● What is expected
Exactly as written, reproduce the lines from the beginning of the data through the line containing "- Enter Levo"; the pictures are not reproduced.

● Provided information
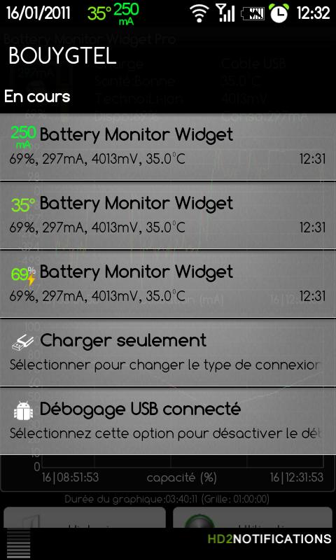 Overview:Complete battery watching with notification icon, history, graphics and alarms
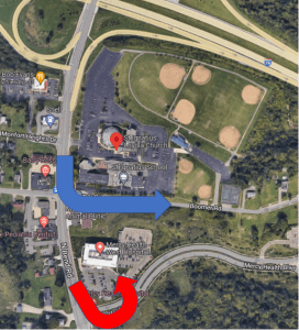 Overflow parking at Mercy Hospital’s medical building (RED Arrow, corner of North Bend Road and Mercy Health Blvd).
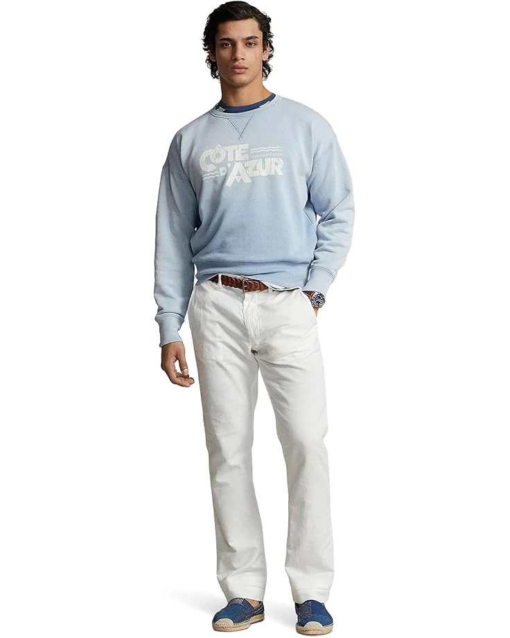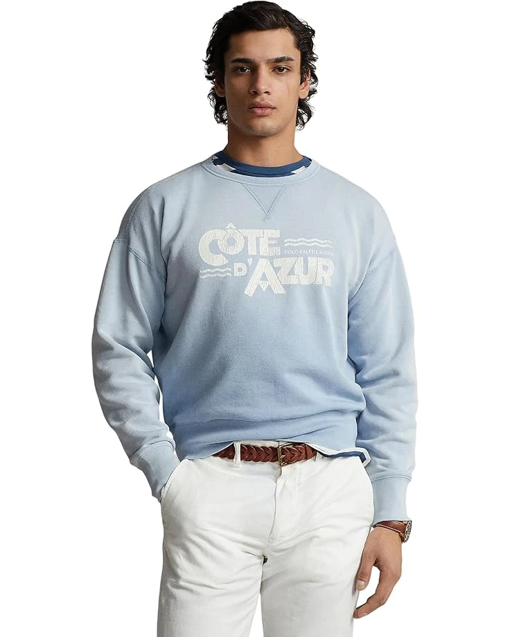 - Stay cozy and stylish in the Polo Ralph Lauren® Vintage Fit Fleece Graphic Sweatshirt. Featuring a classic crew neckline and long sleeves with ribbed cuffs, this sweatshirt boasts a nostalgic vibe with its “Côte d’Azur,” waves, and “Polo Ralph Lauren” print at the center front. Inspired by an authentic vintage proportion, it has a wider dropped shoulder. Complete with a ribbed hem, this sweatshirt effortlessly combines comfort and retro flair.
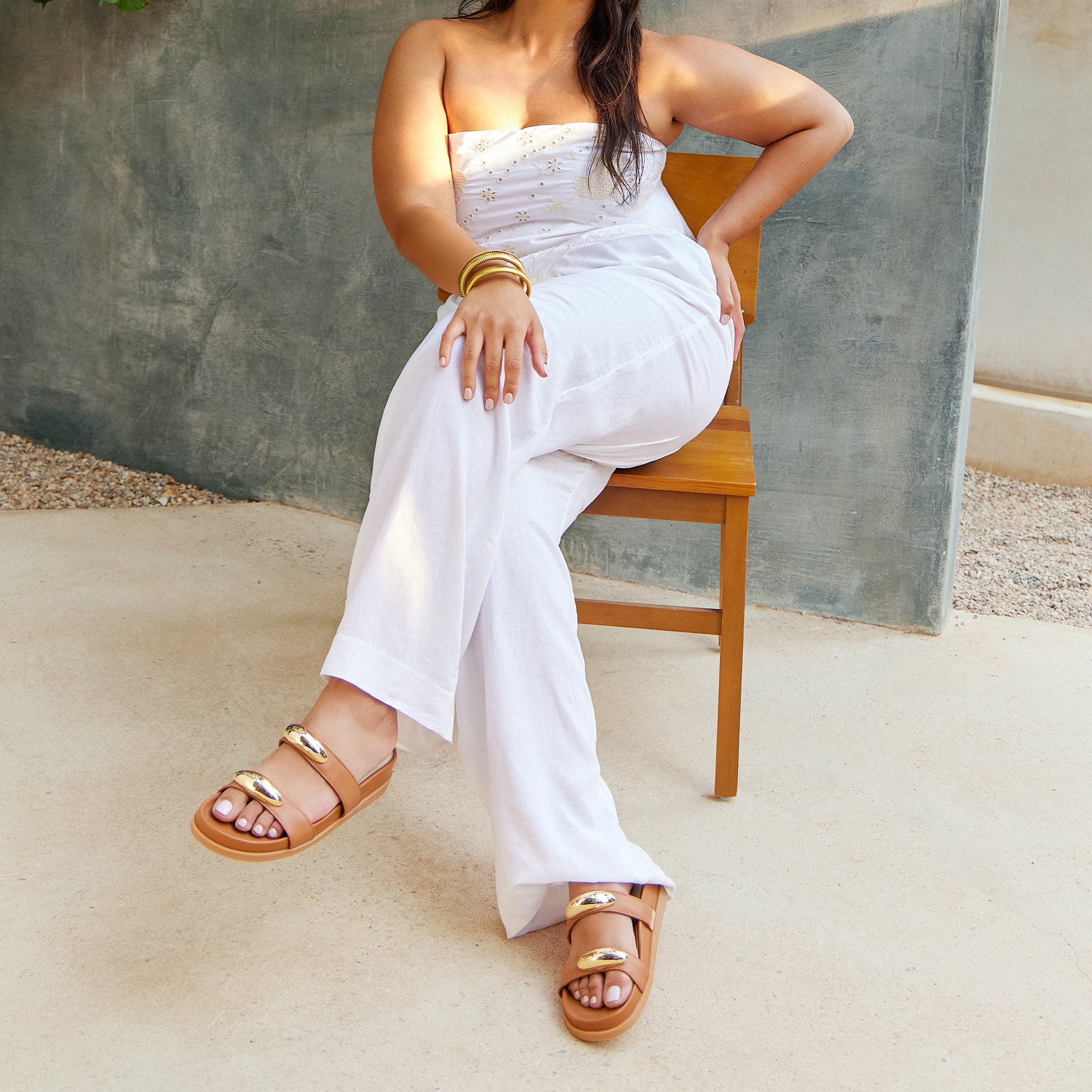 SATINE’s minimalist leather straps are topped with metal hardware that levels up your casual looks. Her extra comfy contoured footbed and versatile colorways are made for everyday wear.
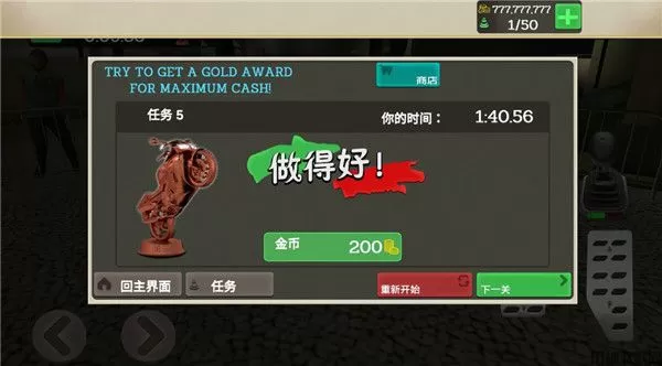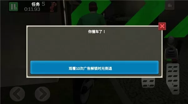 5、在驾驶车辆的时候我们需要小心不要撞到建筑物或者是行人,不然会导致任务失败,我们可以使用道具时间回溯,继续游戏
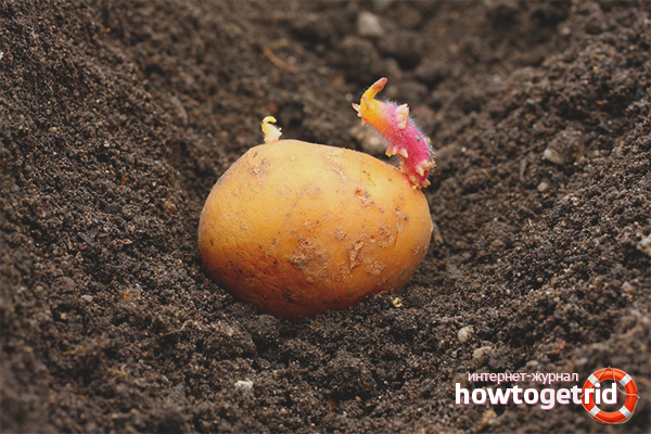 Soit dit en passant, la profondeur optimale de placement des graines ne dépasse pas 15 cm, sinon vous devrez attendre très longtemps les semis. Avec la taille des tubercules légèrement plus grande que l'œuf de poule par centièmes (20 lits de cinq mètres), vous n'aurez besoin que de 5 à 6 seaux de matériel de plantation.
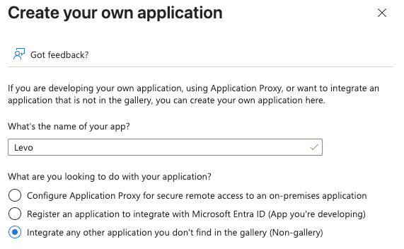 - Enter Levo as the application name, select Integrate any other application you don't find in the gallery (Non-gallery), and click Create.
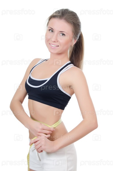 Стройная девушка измеряет свою талию
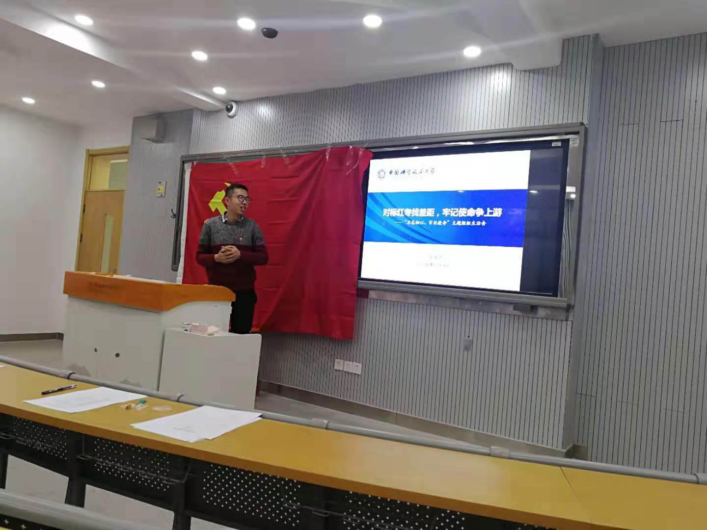 会议的最后,周老师作了点评,肯定了此次组织生活会准备充分、主题鲜明、批评环节敢于揭短亮丑,达到了较好效果。他指出,在今后的生活中,不断完善、不断发展,这就是为什么钱学森老先生要提出“红专并进”。对于支部同志们的不足,他说道,学习永远都在路上,没有尽头,红也没有尽头,专也没有尽头,不断地学习才是不二法门。学习是为了更好地建设祖国。他勉励同志们树立远大理想,踏实工作,在红专并进的道路上不断进步,牢记科教报国使命,不忘初心,力争上游,为实现中国梦不懈奋斗。
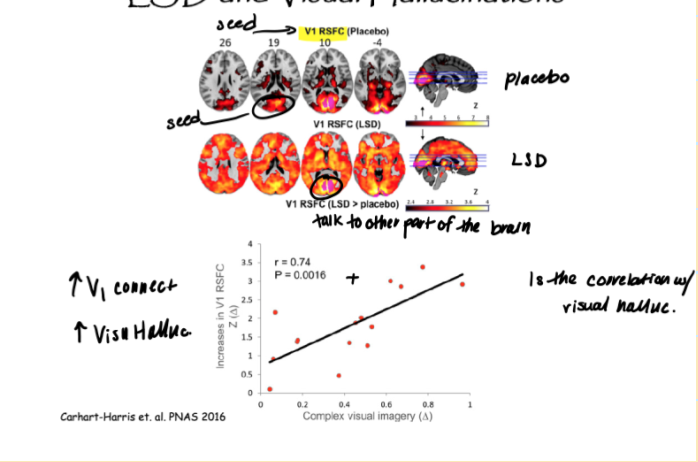 Give a patient a placebo and LSD and they found that the V1 connects increases when the increase of visual hallucination.
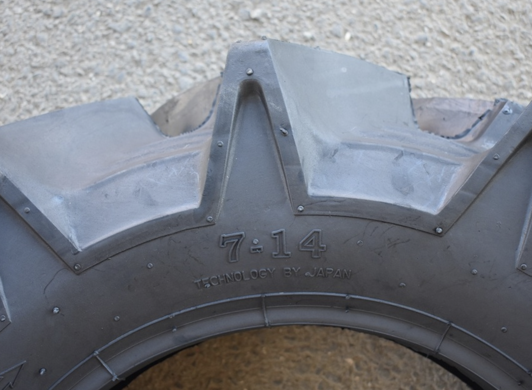 Zadní „rýžová“ pneumatika vhodná pro japonské traktory 10&11HP, jako jsou Iseki TX1000, TX1100, Kubota B5000, B5001, B6000, B6001, Mitsubishi D1100, Yanmar YM1100, YM1101.
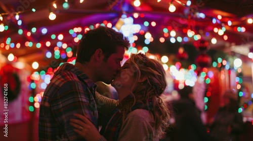 A couple kissing under the mistletoe at a holiday party, surrounded by twinkling lights and festive decorations.
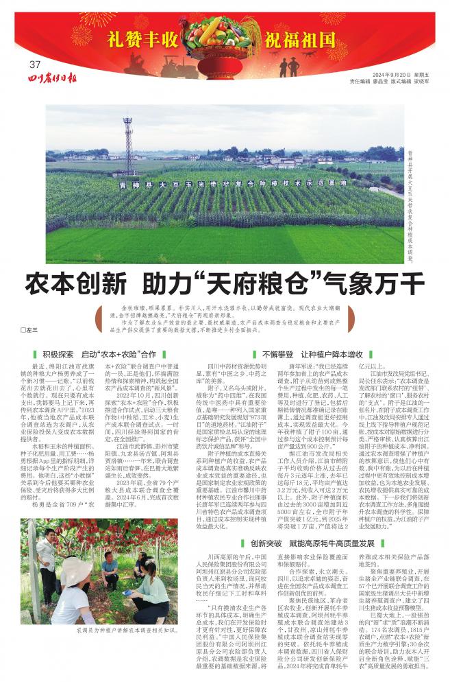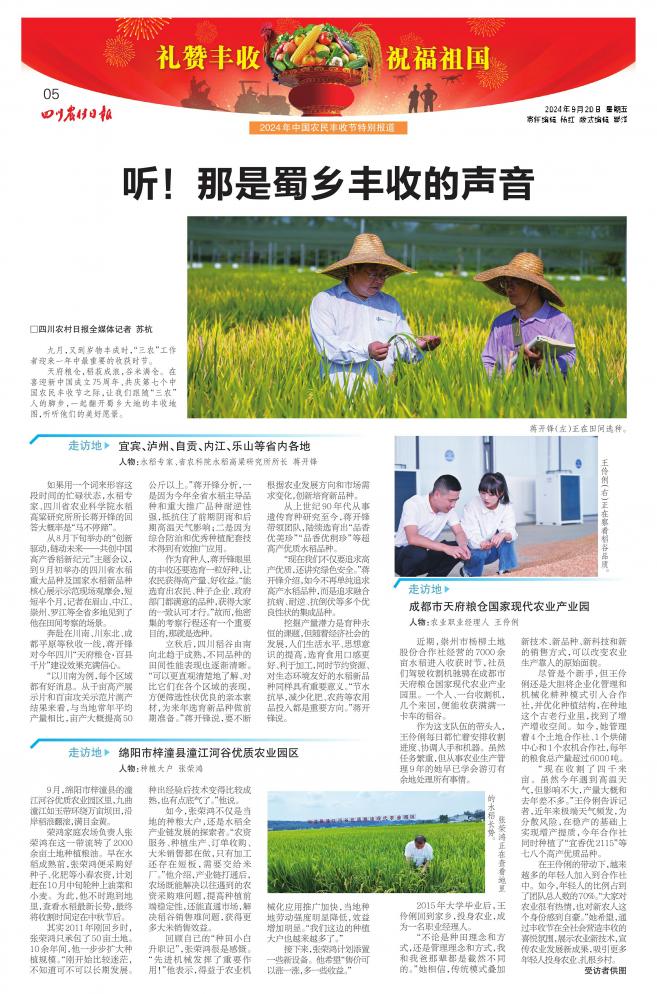 摘要:9月20日,《四川農(nóng)村日報》推出“禮贊豐收 祝福祖國”2024年中國農(nóng)民豐收節(jié)特別報道,展現(xiàn)四川省建設(shè)新時代更高水平“天府糧倉”取得的顯著成效,其中多個版面重點關(guān)注了綿陽推進鄉(xiāng)村振興、以新質(zhì)生產(chǎn)力推進農(nóng)業(yè)高質(zhì)量發(fā)展的創(chuàng)新舉措、生動實踐。
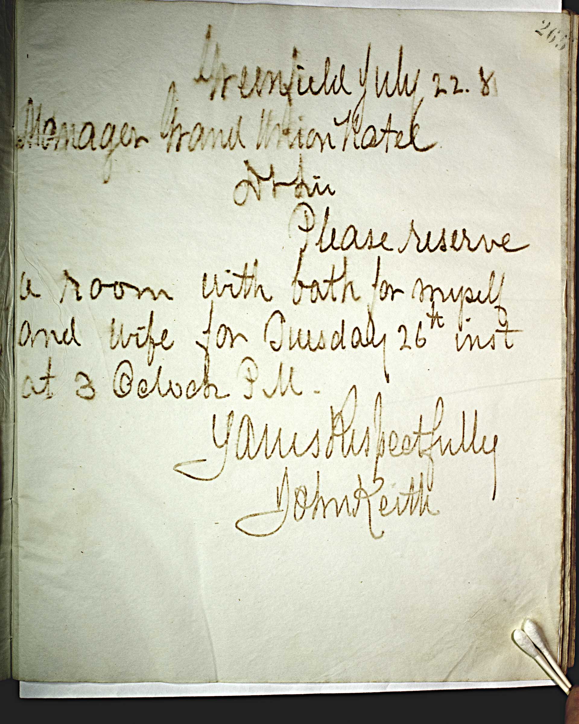 Greenfield July 22, 81 [1881] -- Manager Grand Union Hotel -- Dr Sir, -- Please reserve a room with bath for myself and wife for Tuesday 26th inst. at 3 O'clock P.M. -- Yours Respectfully -- John Keith -- ; -- inst. An infinitesimal or very short space of time; a moment.
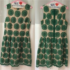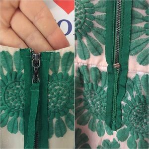 This vintage-inspired dress is a showstopper! Large green blooms are embroidered on delicate light fabric with a nude lining.
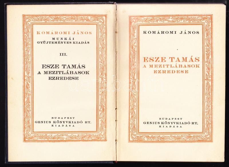 1930 Komáromi János munkái III. - Esze Tamás A mezítlábasok ezredese, Genius Kiadó Bp., aranyozott dombornyomott vászonkötésben, szép állapotban

● Your response
 Overview:Complete battery watching with notification icon, history, graphics and alarms
 Overflow parking at Mercy Hospital’s medical building (RED Arrow, corner of North Bend Road and Mercy Health Blvd).
 - Stay cozy and stylish in the Polo Ralph Lauren® Vintage Fit Fleece Graphic Sweatshirt. Featuring a classic crew neckline and long sleeves with ribbed cuffs, this sweatshirt boasts a nostalgic vibe with its “Côte d’Azur,” waves, and “Polo Ralph Lauren” print at the center front. Inspired by an authentic vintage proportion, it has a wider dropped shoulder. Complete with a ribbed hem, this sweatshirt effortlessly combines comfort and retro flair.
 SATINE’s minimalist leather straps are topped with metal hardware that levels up your casual looks. Her extra comfy contoured footbed and versatile colorways are made for everyday wear.
 5、在驾驶车辆的时候我们需要小心不要撞到建筑物或者是行人,不然会导致任务失败,我们可以使用道具时间回溯,继续游戏
 Soit dit en passant, la profondeur optimale de placement des graines ne dépasse pas 15 cm, sinon vous devrez attendre très longtemps les semis. Avec la taille des tubercules légèrement plus grande que l'œuf de poule par centièmes (20 lits de cinq mètres), vous n'aurez besoin que de 5 à 6 seaux de matériel de plantation.
 - Enter Levo as the application name, select Integrate any other application you don't find in the gallery (Non-gallery), and click Create.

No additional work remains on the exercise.